Bread Reincarnation

I hate throwing away food.

Preparing for Thanksgiving week, I bought a bit too much food. One item was a loaf of delicious seeded multigrain whole wheat bread from Grand Central Bakery.

A delicious, but stale, hard loaf of bread

The loaf was untouched for several days and became predictably so hard it would have been difficult to slice. The interior no doubt now was also quite tough.

A professional chef friend told me that it is possible to rejuvenate a stale loaf of bread by running a water faucet all over the loaf and briefly baking it! I was skeptical, but what did I have to lose?

Note 1: Do not attempt this with moldy bread. If your bread has mold, compost or toss it.

Note 2: This works best with fully intact loaves of bread. But Bon Appetit says even if the interior of the bread gets wet, it still can be rejuvenated.

How to Rejuvenate Stale Bread

Step 1: Preheat your oven to 350 degrees F

Step 2: Hold the bread under running water. Completely soak the surface. Soak the bottom of the loaf more, since it is usually thicker and tougher. If the bread has been sliced, position the exposed portion of bread away from the faucet to minimize getting that part wet.

Beginning the rejuvenating shower
Soaking the bottom of the loaf

Step 3: Place the soaked bread loaf on the bare oven racks and set your timer for 10 minutes.

Step 4: Remove and inspect the loaf.
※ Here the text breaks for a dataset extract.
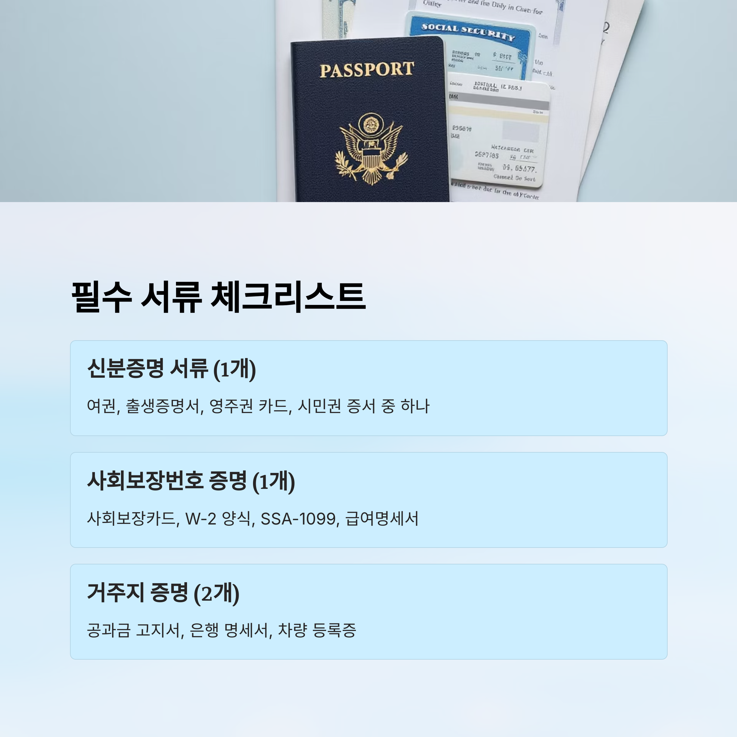 두 번째로는 사회보장번호(SSN)를 증명하는 서류예요. 대표적으로 사회보장카드, W-2 양식, SSA-1099, 급여 명세서 등이 해당돼요. 반드시 본인의 SSN이 명확히 기재되어 있어야 해요.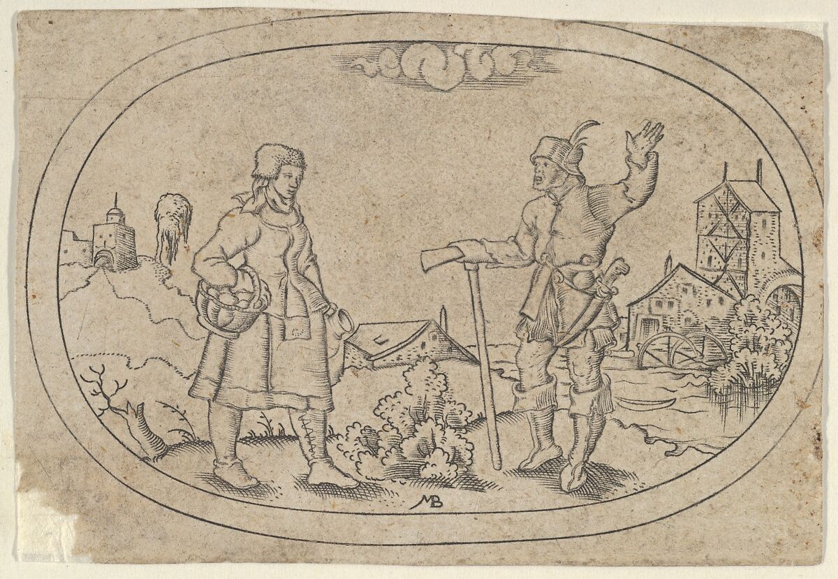A male farmer at right greets a female famer, who carries a full basket at left. From a set of 12 plates of vessel designs.

If the loaf is large and/or still dry and hard, repeat the rinse and bake once more.

Step 5: Remove the loaf, slice, and enjoy!

The seeded whole wheat bread and the baguette were successfully rejuvenated!

You may need to adjust the temperature and length of baking time depending on the size and type of loaf you are rejuvenating. Just keep an eye on the bread while it is in the oven. You will be surprised how well this can work!

Update: I was able to successfully rejuvenate a baguette as well! Also, I attempted re-rejuvenating a loaf that had been sliced, and it worked as well!